Monarez alleged Kennedy demanded she preapprove the CDC’s ACIP’s vaccine recommendations ahead of the panel’s September meeting. Monarez said she hesitated to do so because she doesn’t trust the panel’s new roster. saying she refused to do so because she is skeptical of the panel. Kennedy removed all 17 ACIP members in June due to accusations that the CDC panel had become riddled with corruption and served as a “rubber stamp” for big-pharmaceutical corporations. Kennedy replaced them with individuals he said were “committed to evidence-based medicine… [and] demanding definitive safety and efficacy data before making any new vaccine recommendations.”
When grilled on Monarez’s removal from the CDC during a Senate hearing Thursday, Kennedy said he asked her to resign because she told him she was not “trustworthy.”
“I asked her, ‘Are you a trustworthy person?’ and she said ‘No,’” Kennedy said. “If she wrote that I fired her because she refused to sign on in advance for the ACIP committee, no, that’s not accurate,” Kennedy said, adding he asked her for “clarification” about a statement he says she made related to plans not to sign on to the panel’s recommendations.
“I told her I didn’t want her to have a rule that she’s not going to sign on to it,” he said.
LIBERAL STATES TEAM UP TO COUNTER KENNEDY ON VACCINES AND PUBLIC HEALTH
President Donald Trump has continued to stand by Kennedy as the HHS chief faces growing backlash from the Washington establishment.
“He means very well.
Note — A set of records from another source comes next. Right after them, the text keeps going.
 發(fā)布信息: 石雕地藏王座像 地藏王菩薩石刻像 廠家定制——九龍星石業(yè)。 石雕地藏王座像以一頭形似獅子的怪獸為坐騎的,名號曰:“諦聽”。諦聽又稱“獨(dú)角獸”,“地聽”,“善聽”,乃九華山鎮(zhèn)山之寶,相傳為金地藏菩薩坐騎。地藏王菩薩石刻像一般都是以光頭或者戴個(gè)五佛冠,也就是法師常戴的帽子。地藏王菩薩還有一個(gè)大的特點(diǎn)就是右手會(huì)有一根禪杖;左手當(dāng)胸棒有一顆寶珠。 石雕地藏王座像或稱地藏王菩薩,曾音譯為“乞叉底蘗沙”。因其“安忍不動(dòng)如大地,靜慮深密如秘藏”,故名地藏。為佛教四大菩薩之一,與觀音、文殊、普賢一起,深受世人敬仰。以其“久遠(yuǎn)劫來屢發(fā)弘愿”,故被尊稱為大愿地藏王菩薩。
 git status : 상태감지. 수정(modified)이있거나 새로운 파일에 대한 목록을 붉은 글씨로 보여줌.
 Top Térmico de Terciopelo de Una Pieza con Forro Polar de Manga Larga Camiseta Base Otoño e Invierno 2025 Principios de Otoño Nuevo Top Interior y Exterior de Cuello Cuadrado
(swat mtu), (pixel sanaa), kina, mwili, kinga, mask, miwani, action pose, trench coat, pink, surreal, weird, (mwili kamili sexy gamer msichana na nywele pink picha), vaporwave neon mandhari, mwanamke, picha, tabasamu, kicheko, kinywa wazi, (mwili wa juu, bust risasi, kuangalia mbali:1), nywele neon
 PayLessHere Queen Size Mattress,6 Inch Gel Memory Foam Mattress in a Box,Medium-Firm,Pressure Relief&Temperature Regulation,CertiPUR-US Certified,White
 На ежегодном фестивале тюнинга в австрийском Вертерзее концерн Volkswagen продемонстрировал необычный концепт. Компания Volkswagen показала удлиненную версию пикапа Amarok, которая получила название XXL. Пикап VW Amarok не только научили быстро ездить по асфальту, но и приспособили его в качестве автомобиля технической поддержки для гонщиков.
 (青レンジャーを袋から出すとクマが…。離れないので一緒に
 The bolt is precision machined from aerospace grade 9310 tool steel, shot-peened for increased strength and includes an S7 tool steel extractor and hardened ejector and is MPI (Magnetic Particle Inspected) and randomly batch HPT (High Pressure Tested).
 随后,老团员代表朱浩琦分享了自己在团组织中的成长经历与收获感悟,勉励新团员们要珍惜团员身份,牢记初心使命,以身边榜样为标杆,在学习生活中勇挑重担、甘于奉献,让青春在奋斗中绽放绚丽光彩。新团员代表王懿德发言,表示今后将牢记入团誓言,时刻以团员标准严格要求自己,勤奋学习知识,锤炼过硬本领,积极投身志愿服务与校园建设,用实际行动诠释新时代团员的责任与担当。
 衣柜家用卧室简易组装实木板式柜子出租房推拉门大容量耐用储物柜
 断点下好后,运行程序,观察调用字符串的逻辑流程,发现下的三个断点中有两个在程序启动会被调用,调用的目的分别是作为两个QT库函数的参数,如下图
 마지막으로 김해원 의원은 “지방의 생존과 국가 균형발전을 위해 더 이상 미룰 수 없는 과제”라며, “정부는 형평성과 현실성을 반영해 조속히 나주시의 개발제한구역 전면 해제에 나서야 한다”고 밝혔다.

And he’s got some little different ideas. I guarantee a lot of the people at this table like RFK Jr., and I do, but he’s got a different take, and we want to listen to all of those takes,” the president told reporters Thursday. “It’s not your standard talk. I would say that, and that has to do with medical and vaccines. But if you look at what’s going on in the world with health and look at this country also with regard to health, I like the fact that he’s different.”